__Task brief__:
Output each line exactly as written, from the first line of the records to the line bearing "Mid Century Orange", inclusive, while leaving every picture out.

__Data excerpts__:

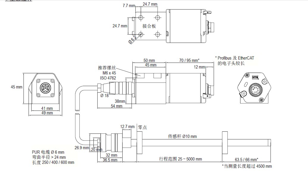 RH4型是MTS 2000年推出的最新型號用以取代日的RH (SS輸出)和RH3(Profibus輸出)。RH4的輸出模式I司時耵擎模擬,CANbus,DeviceNel,Profibus,EtherCAT等。它也可以取替現有的LD與LD2型帶模擬輸出傳感器RH4犁是-個在最苛刻的環境條件下仍能持續正常運作的理想傳感器。傳感器頭部封裝了完整的電子接口模塊來處理電子信號。雙重灌封保證了高度的操作安全性和最優化的EMC保護。位置測量是通過一個崮定在運動機械部分的7X磁鐵,沿著傳感刪桿做無接觸運動來感應。
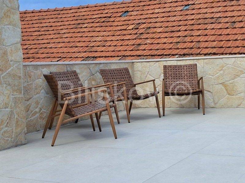 Na drugom katu nalazi se otvorena terasa s pogledom na samostan i crkvu.Kuća se nalazi u samom centru Blata, na vrlo atraktivnoj lokaciji, blizu trgovina, kafića, restorana i sve infrastrukture mjesta, ali istovremeno u mirnoj sporednoj ulici, što pruža mir i privatnost.Sve je napravljeno u tradicionalnom dalmatinskom stilu, s kamenom kao glavnim elementom, a sav namještaj ostaje u kući.
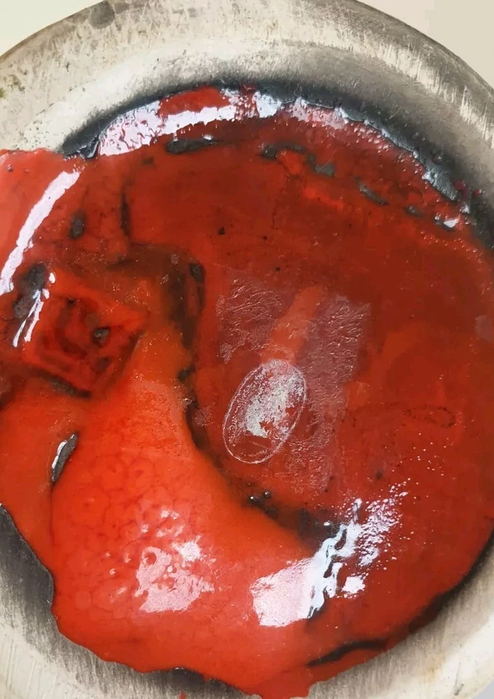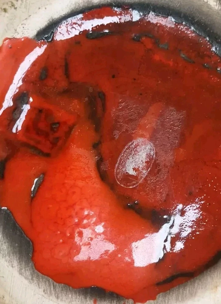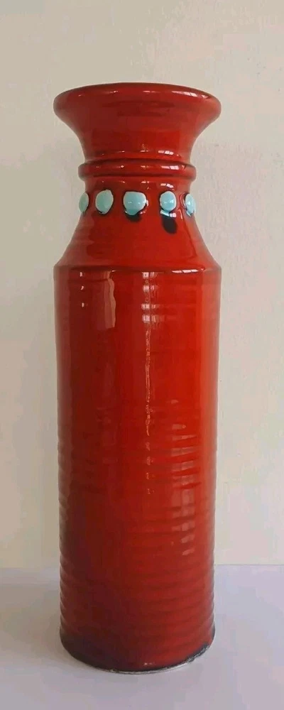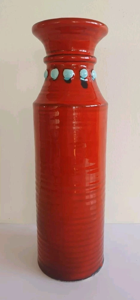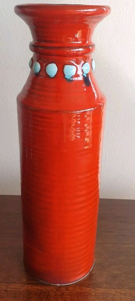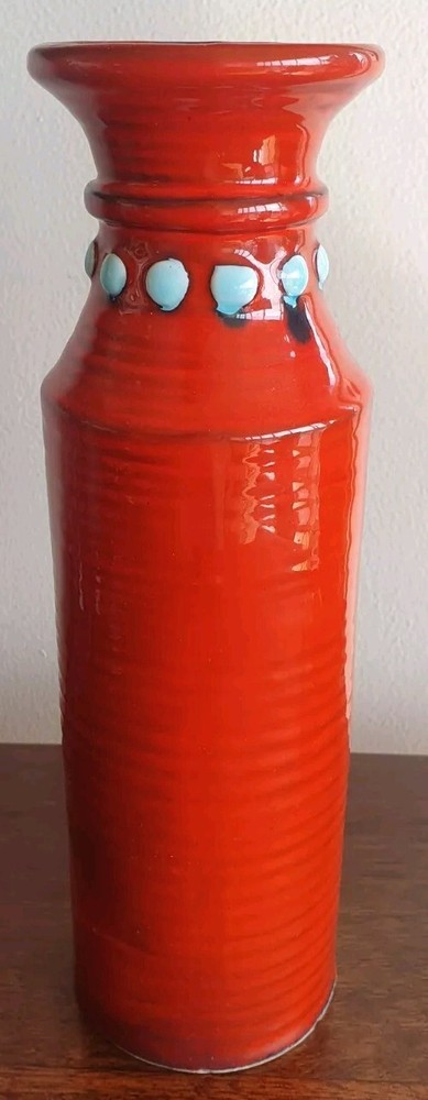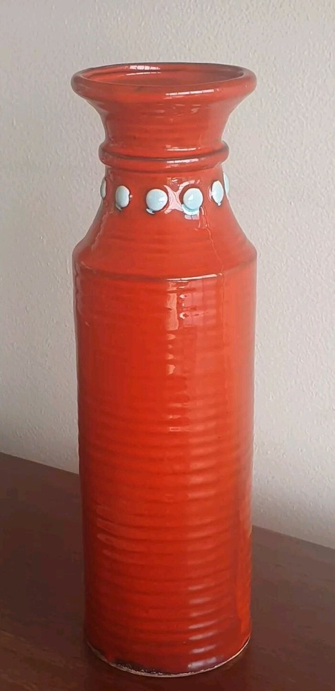 Mid Century Orange & Turquoise pottery / ceramic vase. It is 24.5cm tall. It is in good condition....
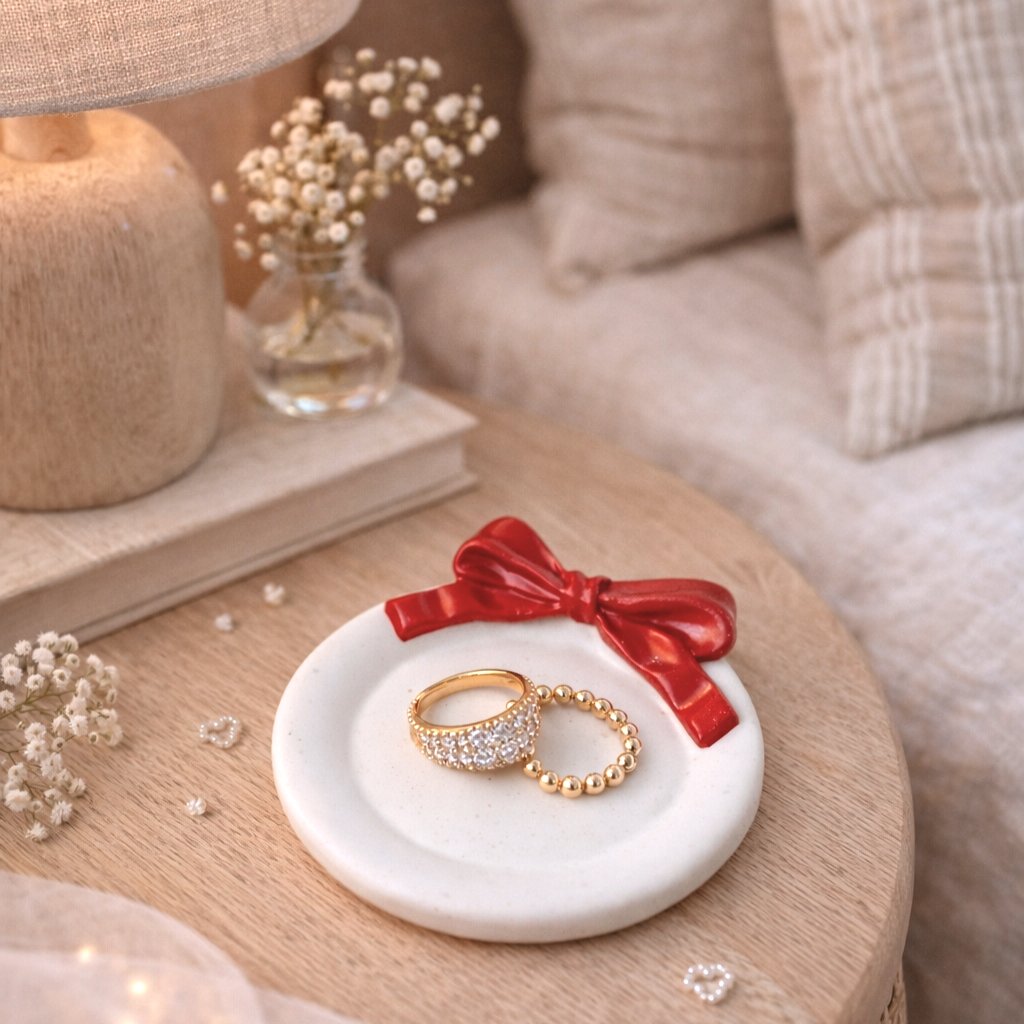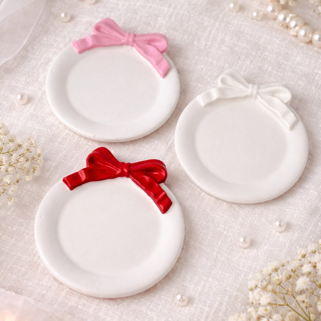 Ručně vyráběný tácek z jesmonitu s výraznou mašličkou je drobným, ale působivým detailem, který vnese do interiéru špetku romantiky. Jeho jednoduchý kulatý tvar v kombinaci s mašlí dodává celku hravý a slavnostní nádech. Spojuje krásu, funkčnost a ruční výrobu do jednoho kousku.
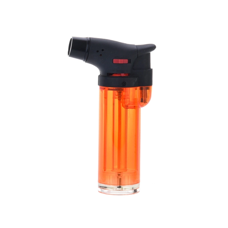 Nachfüllbares, orangefarbenes Schneidbrenner-Feuerzeug mit einem Einstellrad für die Flamme sowie einem Rädchen zum Arretieren des Knopfes.
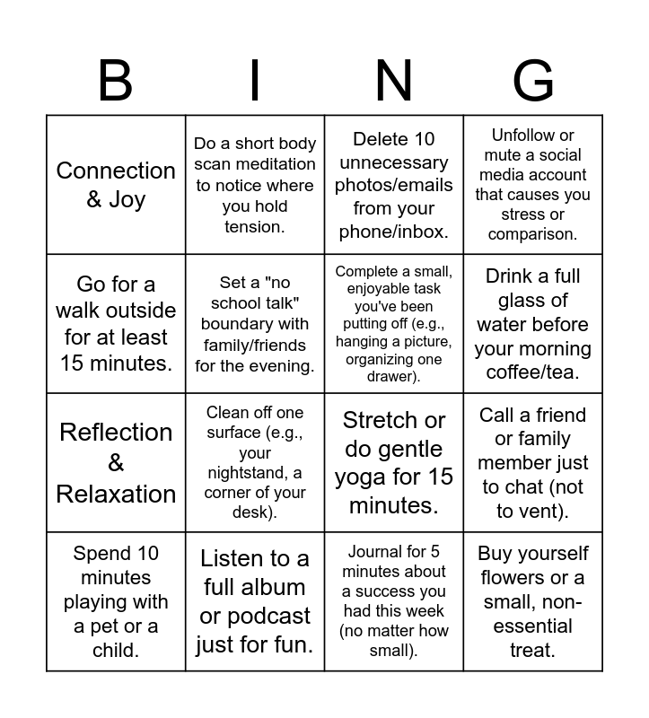 This bingo card has 35 words: Mind & Mental Health, Write down three things you're grateful for today., Take 10 deep, focused breaths (Box Breathing)., Complete a small, enjoyable task you've been putting off (e.g., hanging a picture, organizing one drawer)., Spend 10 minutes on a hobby that is not lesson planning., Unfollow or mute a social media account that causes you stress or comparison., Set a "no school talk" boundary with family/friends for the evening., Body & Movement, Drink a full glass of water before your morning coffee/tea., Take a 20-minute nap or practice Yoga Nidra (guided rest)., Stretch or do gentle yoga for 15 minutes., Go for a walk outside for at least 15 minutes., Eat a healthy, sit-down lunch away from your desk (even if it's just in another part of the room)., Get to bed 30 minutes earlier than usual., Connection & Joy, Listen to a full album or podcast just for fun., Laugh! Watch a funny video or talk to a person who makes you smile., Call a friend or family member just to chat (not to vent)., Buy yourself flowers or a small, non-essential treat., Spend 10 minutes playing with a pet or a child., Light a candle or use an essential oil diffuser during your non-work time., Space & Time Boundaries, Set a timer and put away all school papers/devices until the morning., Schedule a dedicated block of time in your week (30+ minutes) for nothing., Delete 10 unnecessary photos/emails from your phone/inbox., Clean off one surface (e.g., your nightstand, a corner of your desk)., Do not check your work email after ., Say "no" to a request that would have over-extended you., Reflection & Relaxation, Journal for 5 minutes about a success you had this week (no matter how small)., Take a warm bath or shower and use a luxurious soap or product., Read a book (non-professional reading) for 20 minutes., Stare out a window or at the sky for 5 minutes without checking your phone., Do a short body scan meditation to notice where you hold tension. and Forgive yourself for something you feel you didn't do perfectly today..
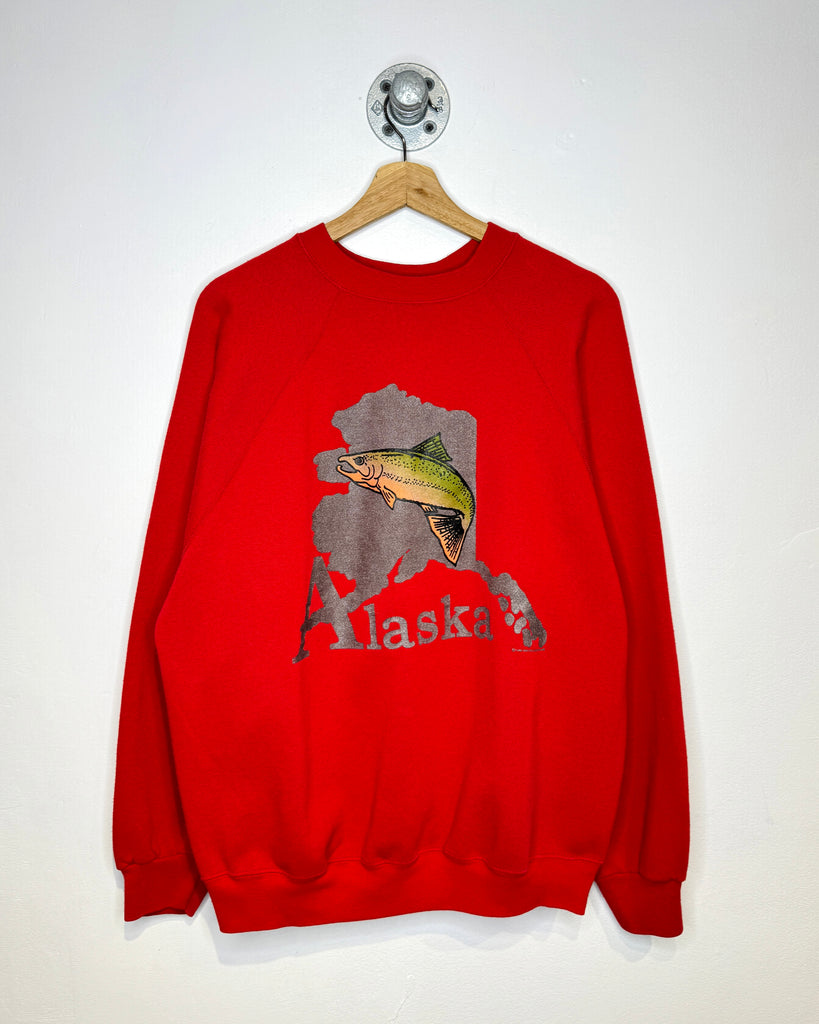 Vintage 90s Alaska Fish Red Crewneck Sweatshirt
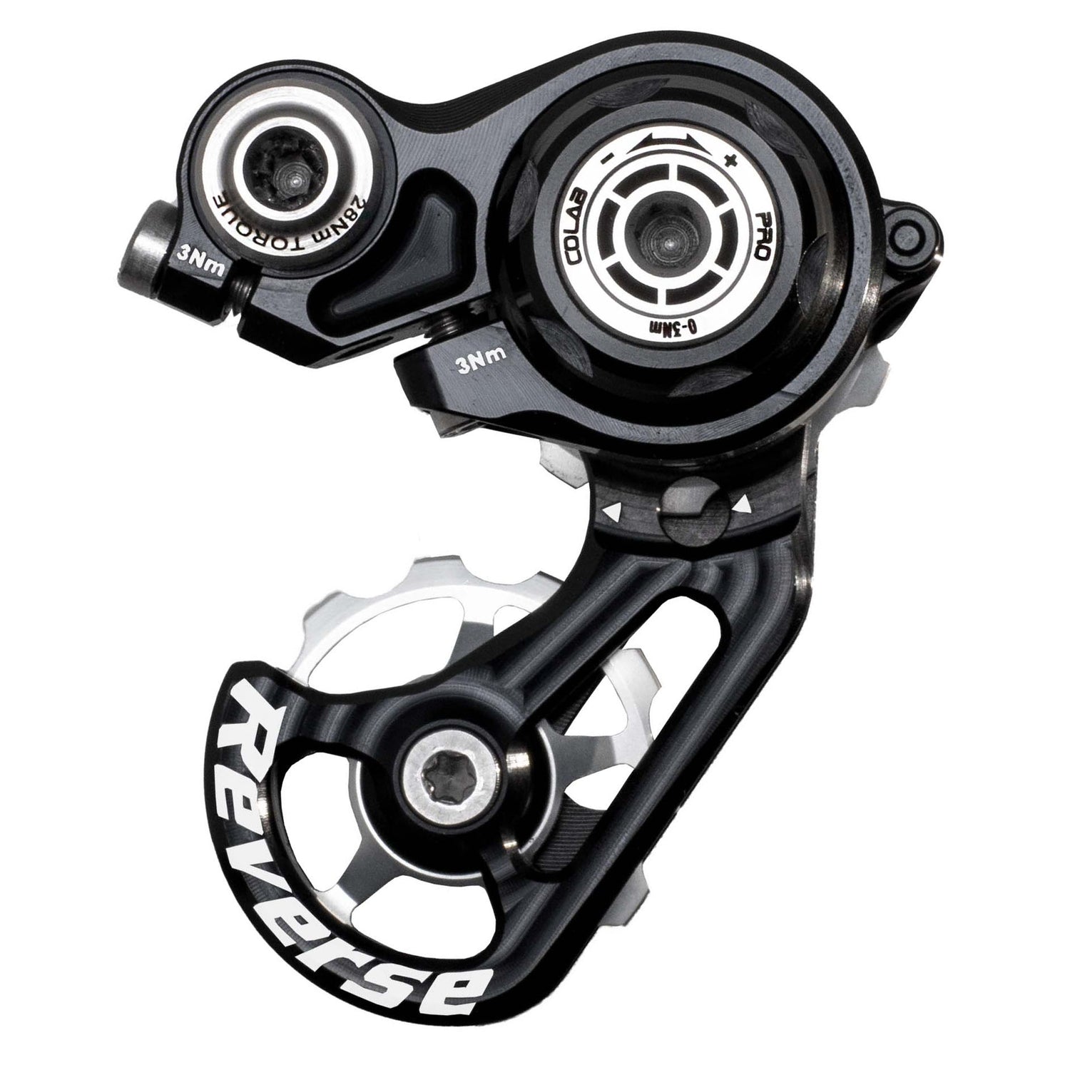 - Replaces rear derailleur with chain tensioner for a simple, secure drivetrain\n- Offering a user adjustable clutch system, the Colab Pro allows the rider to fine tune the level of tension on the chain, to give the quietest ride no matter how hard the terrain gets. A simple turn of the central allen bolt offers a huge range of adjustment to suit every bike, suspension and riding style - eliminating chain slap\n- 15mm of adjustability for the chainline by loosening one bolt, helping riders achieve perfect chain alignment without the removal of the tensioner\n- Adjustable limit stopper as well as a pinch bolt on the mounting bracket and higher spring tension provide more chain retention and also maintains position when the rear wheel is removed\n- CNC Aluminum pulleys for maximum durability\n- Compatible with 9/10/11 speed chains, 13-17 tooth cogs\n- Aluminum construction, made in Germany

__Output for this exercise__:
 RH4型是MTS 2000年推出的最新型號用以取代日的RH (SS輸出)和RH3(Profibus輸出)。RH4的輸出模式I司時耵擎模擬,CANbus,DeviceNel,Profibus,EtherCAT等。它也可以取替現有的LD與LD2型帶模擬輸出傳感器RH4犁是-個在最苛刻的環境條件下仍能持續正常運作的理想傳感器。傳感器頭部封裝了完整的電子接口模塊來處理電子信號。雙重灌封保證了高度的操作安全性和最優化的EMC保護。位置測量是通過一個崮定在運動機械部分的7X磁鐵,沿著傳感刪桿做無接觸運動來感應。
 Na drugom katu nalazi se otvorena terasa s pogledom na samostan i crkvu.Kuća se nalazi u samom centru Blata, na vrlo atraktivnoj lokaciji, blizu trgovina, kafića, restorana i sve infrastrukture mjesta, ali istovremeno u mirnoj sporednoj ulici, što pruža mir i privatnost.Sve je napravljeno u tradicionalnom dalmatinskom stilu, s kamenom kao glavnim elementom, a sav namještaj ostaje u kući.
 Mid Century Orange & Turquoise pottery / ceramic vase. It is 24.5cm tall. It is in good condition....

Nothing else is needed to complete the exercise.